20 December 2023

A Christmas Carol Chronology

 I whipped this chart up a few years ago and have updated it every December.  Seems like this might be a good place for it.

One interesting thing I learned this year: "Up On the Housetop" (I learned it as "Up on the Rooftop"), which is apparently the oldest song about Santa Claus, was written by a minister, of all people.  Didn't he know that we aren't supposed to secularize Christmas?  The gentleman in question was Benjamin Hanby, who was also an abolitionist.  His second most famous song, "Darling Nelly Gray," is from the viewpoint of a enslaved man whose beloved has been sold away.  Some say it is the musical equivalent of Uncle Tom's Cabin in terms of converting people to abolitionism.

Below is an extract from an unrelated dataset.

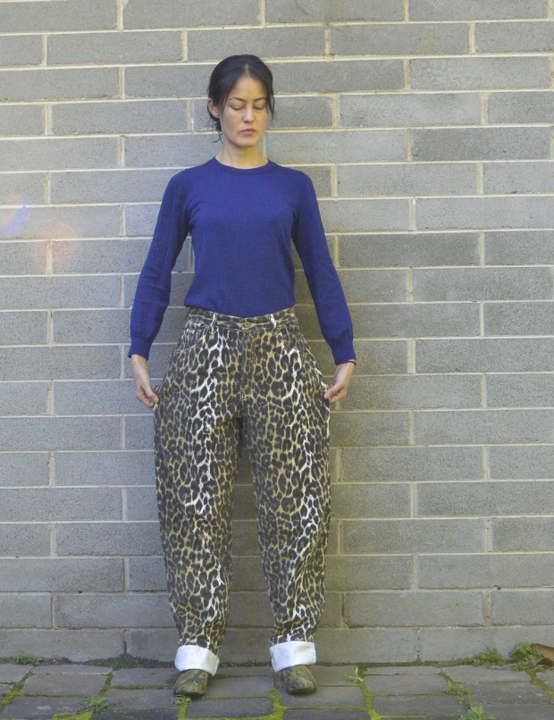 As much as I love fiddling with garments to make them fit me and my fashion needs, sometimes a quick fix is all I can be bothered with. So I didn’t overthink things when I found these big-cat print pants at an opshop recently (as they are Jag brand, maybe they should be called jaguar jeans? Fittingly, the opshop was an Animal Aid one!).

If you want a crime element consider that the music for the "Carol of the Bells" (one of my favorites) was composed by Mykola Leontovych, a Ukrainian, who was murdered by a Soviet spy.

And, while I didn't include it on my list, the murder that the song "Staggerlee" is based on  took place on December 25th, 1895, so I guess it's a Christmas carol?  If Die Hard is a Christmas movie, anyway...

Start pulling on the strings of folksongs and you find all kinds of interesting connections.

One more thing: What do these songs have in common?  Answer is in the comments.

Baby, It's Cold Outside

Deck the Halls

Frosty the Snowman

Jingle Bell Rock

Jingle Bells

Let it Snow

Sleigh Ride

Winter Wonderland


  1. None of those eight songs mention Christmas.

    1. Yule and yuletide-- according to the internet-- are archaic terms for Christmas time, so Deck the Halls does mention it

    2. Open to debate since Yule was celebrated before Christmas.

    3. I'd guessed the listed songs had been caught up in bans,, #cancelculture, or some other controversy, but I couldn't locate a criticism of Winter Wonderland. The funniest (in a sad way) was Frosty: no one was dressed appropriately and Frosty was (gasp) pantsless.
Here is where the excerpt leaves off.